Print (x) = Y_Hist$Wind
Print (y) = Y_Hor$Wind

So In my mind it's the same thing.

I think my problem is the paste. Furthermore, I do know that a lapply could be better for it, but I ain't got better results. is there better way to paste ? Or to loop (lapply) more efficiently ?

Thank you !!

P.S. I am kind of new.

mfherman · June 19, 2020, 8:19pm

Hi!

To help us help you, could you please prepare a reproducible example (reprex) illustrating your issue? Please have a look at this guide, to see how to create one:

FAQ: How to do a minimal reproducible example ( reprex ) for beginners Guides & FAQs

A minimal reproducible example consists of the following items: A minimal dataset, necessary to reproduce the issue The minimal runnable code necessary to reproduce the issue, which can be run on the given dataset, and including the necessary information on the used packages.

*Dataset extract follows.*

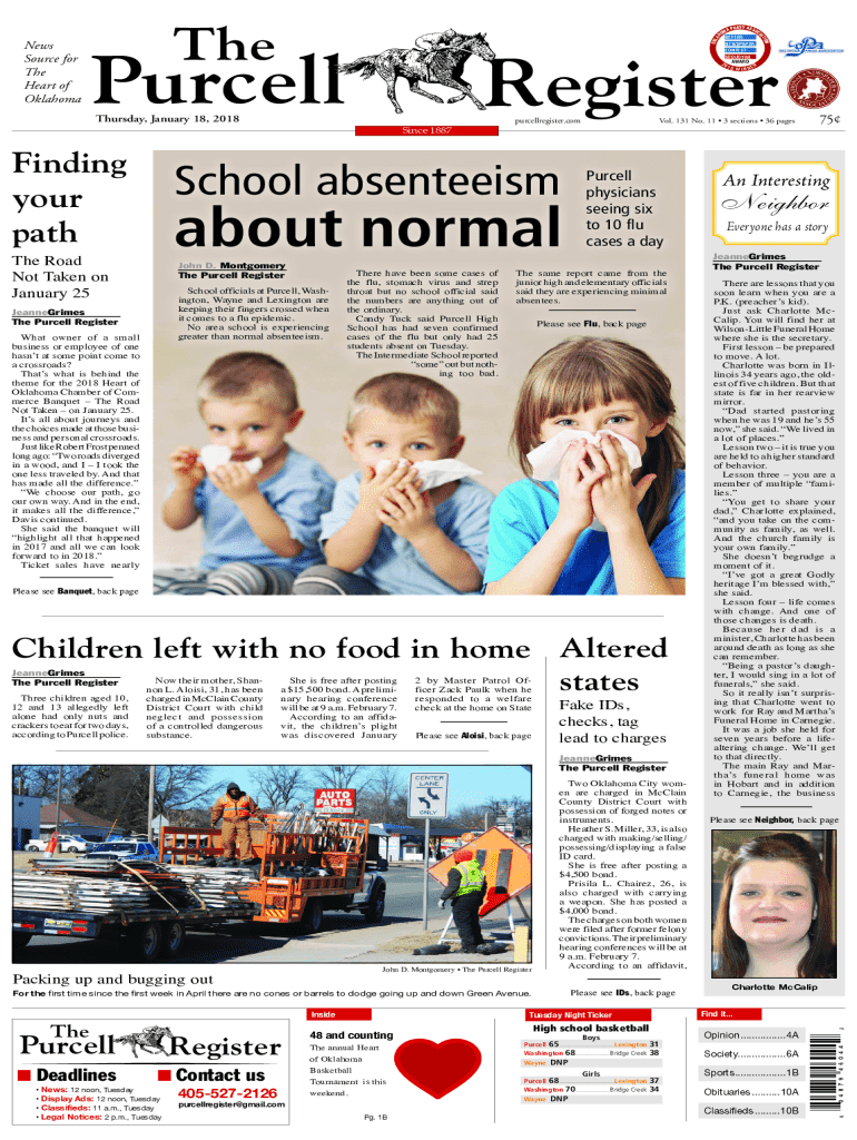 HOKL APurcellRegisterThursday, January 18, 2018Finding your pathSince 1887purcellregister.comSchool absenteeismabout normalThe Road Not Taken on January 25John D. Montgomery The Purcell Register School

Let's quickly go over each one of these with examples: Minimal Dataset (Sample Data) You need to provide a data frame that is small enough to be (reasonably) pasted on a post, but big enough to reproduce your issue. Let's say, as an example, that you are working with the iris data frame head(iris) #> Sepal.Length Sepal.Width Petal.Length Petal.Width Species #> 1 5.1 3.5 1.4 0.…

HanOostdijk · June 19, 2020, 9:17pm

I agree with @mfherman that a reprex would have been nice.
But guessing what you might mean, maybe the following will help.

I think you have two sets of data: a '_Hist' and a 'Hor' set
Each set contains a data.frame per timeperiod (indicated by Time )
and each data.frame contains columns (indicates by Names )
And you want to calculate for each timeperiod and all the names the p-value of the t-test for the columns of the two sets.

The code below should work for all timeperiods and names but I will only define two columns for only the Y timeperiod.
In Comb I generate all combinations of your periods and names and use them to generate names of the Hist and Hor columns.
Then I loop over the list with names (I do only two because I did only define two columns).
The only tricky thing is to convert the name of the column to the column data and that is done with
eval(parse(text= ...)
I hope this gives you some ideas.

Y_Hist = data.frame(
  Wind = 1:5,
  Expected = c(1,2,3,2,1)
)

YHor = data.frame(
  Wind = c(1,2,3,2,1),
  Expected = c(5,4,3,2,1)
)

Names <- c("Wind","Expected","Real","Loss","CF_B","CF_N","CF_L")
Time <- c("Y","S", "M", "H","HS", "HM")

Comb <- expand.grid(Names=Names,Time=Time,stringsAsFactors = F)
HistNames <- paste(Comb$Time,"_Hist$",Comb$Names,sep="") 
HorNames <- paste(Comb$Time,"Hor$",Comb$Names,sep="") 
pvalues <- rep(NA,length(HistNames))

# for (i in 1:length(HistNames)) {
for (i in 1:2) {
  histdata = eval(parse(text=HistNames[i]))
  hordata = eval(parse(text=HorNames[i]))
  pvalues[i] = t.test(histdata,hordata,na.rm=TRUE)$p.value
}

^{Created on 2020-06-19 by the reprex package (v0.3.0)}

Hugo_Cordeau · June 22, 2020, 7:47pm

Thanks for the advise, it will help me next time !

Hugo_Cordeau · June 22, 2020, 7:50pm

Exactly !

Further more I had a problem with the split function, it is automatically ordering the datas as factor !

We just have to tidy our datas as.factor to ensure that the DF 3:00 is 3 & not 22: 00 .

Thanks a lot !

system · June 29, 2020, 7:50pm

This topic was automatically closed 7 days after the last reply. New replies are no longer allowed.